COLUMBUS — The following article was originally published in the Ohio Capital Journal and published on News5Cleveland.com under a content sharing agreement.

Ohio is testing fewer of its citizens per capita for COVID-19 than almost every other state in the nation. The pace is hardly expected to budge in June, according to strategy documents submitted to the federal government.

State officials estimate that 317,670 Ohioans will receive diagnostic testing in June for COVID-19, averaging out to about 10,600 tests per day.

“That seems far off from the 22,000 tests per day Governor DeWine anticipated for the end of May,” said Daniel Tisch, director of the masters in public health program at Case Western Reserve University, after reviewing the plan.

The newly released plan is the latest indication that no sudden surge in COVID-19 testing is incipient. About 9,200 people were tested per day over the last 10 days, according to an analysis of state data.

Research from the Harvard Global Health Institute estimates Ohio must test about 26,000 people per day to reopen safely.

Ohio ranks 43rd among states in terms of per capita COVID-19 testing rates, according to analysis from Johns Hopkins University.

Public health officials have emphasized testing, followed by quick contact tracing, is key to mitigating any outbreak. It’s how health officials can stop one case from snowballing into 50.

The upshot: the documents indicate Ohio is set to scale up serologic (antibody) testing. Officials project 15,000 antibody tests will be administered in June, compared to about 1,000 in May.

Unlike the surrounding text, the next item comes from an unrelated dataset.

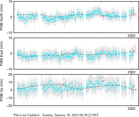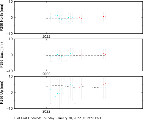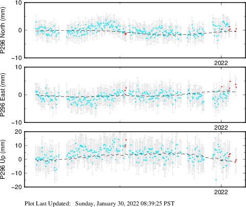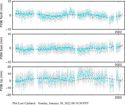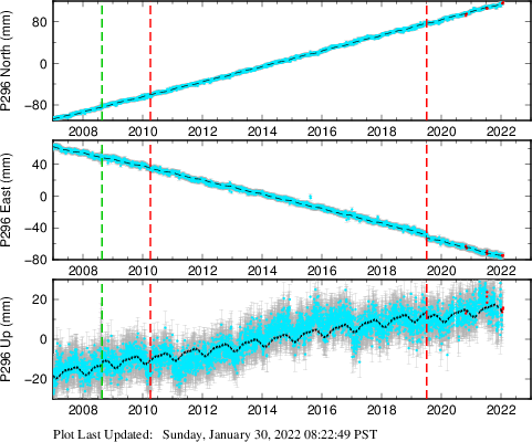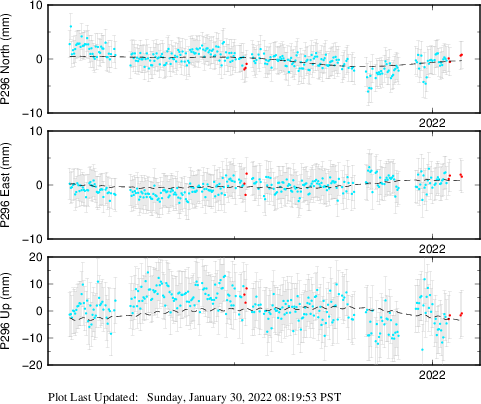These results are preliminary. The station positions are unchecked and should not be used for any engineering applications. There may be errors in the antenna heights. The velocities are very dependent on the length of the span of observations. The presence of outliers (errant observations) sometimes contaminates the velocities.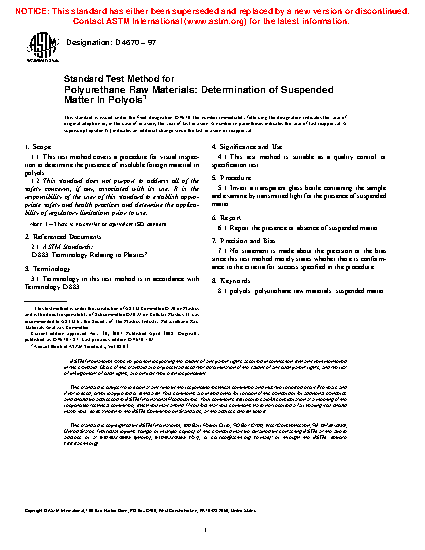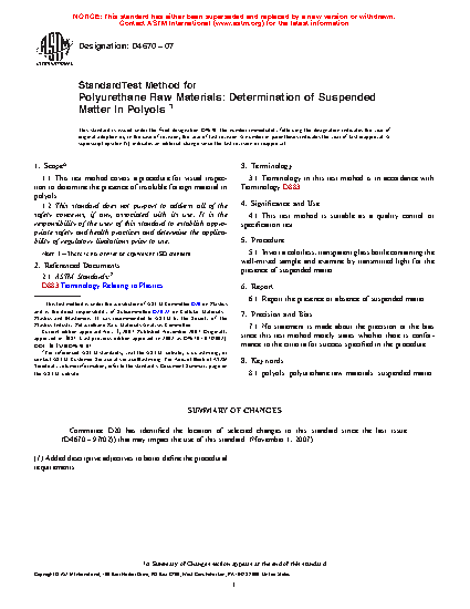 1.1 This test method covers a procedure for visual inspection to determine the presence of insoluble foreign material in polyols.

Even counting in the antibody testing, the projected average for June only hits about 11,000. The serologic testing itself is limited. It can only gauge whether a person contracted the disease in the past, not whether he or she carries it in the present.

The document doesn’t contain any specific details on serological testing, as noted by William Miller, an epidemiologist with Ohio State University who reviewed the plan.

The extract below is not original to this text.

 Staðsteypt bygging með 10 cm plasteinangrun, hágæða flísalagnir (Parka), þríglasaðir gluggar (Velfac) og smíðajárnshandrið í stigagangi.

“I think the one thing to keep emphasizing is that if we want to stay out of a shutdown state, testing is critical,” he said. “We have to test — suspected cases and contacts — very widely to stay ahead of this.”

The estimates come from Ohio’s “2020 Overarching Jurisdictional SARS-COV-2 Testing Strategy” plan, submitted to the U.S. Department of Health and Human Services as part of a requirement for recipients of funding from the Paycheck Protection and Health Care Enhancement Act.

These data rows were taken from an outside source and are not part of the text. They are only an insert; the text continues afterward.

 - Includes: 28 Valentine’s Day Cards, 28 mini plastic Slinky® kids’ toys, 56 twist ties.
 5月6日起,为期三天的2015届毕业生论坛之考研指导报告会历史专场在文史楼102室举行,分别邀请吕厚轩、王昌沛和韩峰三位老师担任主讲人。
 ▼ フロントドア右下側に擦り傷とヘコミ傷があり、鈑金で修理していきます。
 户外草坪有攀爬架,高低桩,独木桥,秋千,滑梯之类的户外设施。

The Ohio Department of Health released the strategy document Monday upon request.

The projections only span through June. However, later this month, the state must submit an updated plan that captures the rest of 2020.

At his daily press briefings, Gov. Mike DeWine has emphasized Ohio’s “testing capacity” — he says labs around Ohio have the capability of processing more than 20,000 tests per day.

A DeWine spokesman did not respond to inquiries regarding why Ohio’s testing rates are not picking up pace.

A spokeswoman from the Ohio Department of Health did not respond to an interview request with the state’s lab testing lead.